Но что я вижу, Лелия! Ты больше не дрожишь от моих слов, как бывало когда-то? Ты ничего мне не отвечаешь? Молчание твое ужасно, Лелия: значит, ты превратилась в ничто! Ты исчезаешь, как набежавшая волна, как имя, начертанное на песке? Твоя благородная кровь больше не возмущается ересями разврата, непотребством материального мира? Пробудись, Лелия, защищай добродетель, если ты хочешь убедить меня, что нечто такое действительно существует!

— Говори, говори, — отвечала Лелия мрачным голосом. — Я слушаю тебя.
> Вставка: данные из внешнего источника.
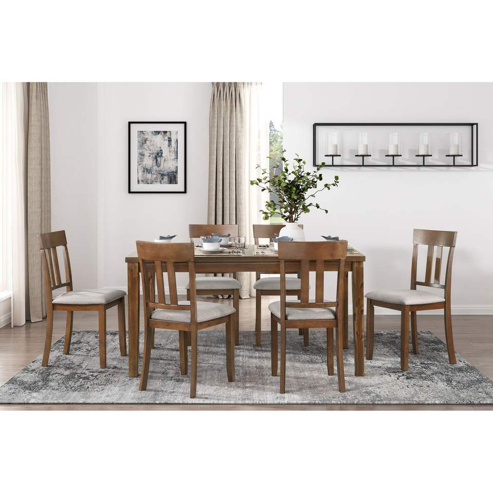 Set da Pranzo in Stile Transizionale 7 Pezzi, Finitura Ciliegio, Tavolo da Pranzo e 6 Sedie Laterali con Sedili Imbottiti in Tessuto Texturizzato

— В конце концов какой же удел назначил нам господь на земле? — продолжала Пульхерия. — Жить, не так ли? Чего требует от нас общество? Не воровать. Общество устроено так, что многие не имеют другого средства к существованию, как заниматься ремеслом, которое оно само узаконило и оно же заклеймило позорным словом — порок. Знаешь ты, из какой стали надо отлить несчастную женщину, чтобы у нее хватило сил жить этим ремеслом? Сколько оскорблений сыплется на ее голову в уплату за слабости, которые она подглядела, и за скотское вожделение, которое она насытила? Под какой горой несправедливостей и позора ей приходится спать, ходить, быть любовницей, куртизанкой и матерью — три женских участи, которых ни одной женщине не избежать, как бы она себя ни продавала, на рынке ли проституток или с помощью брачного контракта. О сестра моя! Насколько же существа, обесчещенные публично и несправедливо, вправе презирать толпу, которая сначала вымажет их грязью своей любви, а потом начинает их проклинать! Видишь ли, если существуют небо и ад, небо уготовано для тех, кто больше всего страдал и кто на ложе страдания нашел в себе силы раз-другой радостно улыбнуться и благословить бога; ад — для тех, кому досталась лучшая доля жизни и которые не умели ее оценить. Куртизанка Цинцолина среди всех ужасов своего падения в обществе, оставаясь верной наслаждению, признает бога; аскетка Лелия, ведущая суровую и всеми чтимую жизнь, закрывши глаза, готова отрицать все благодеяния жизни и отречься от бога.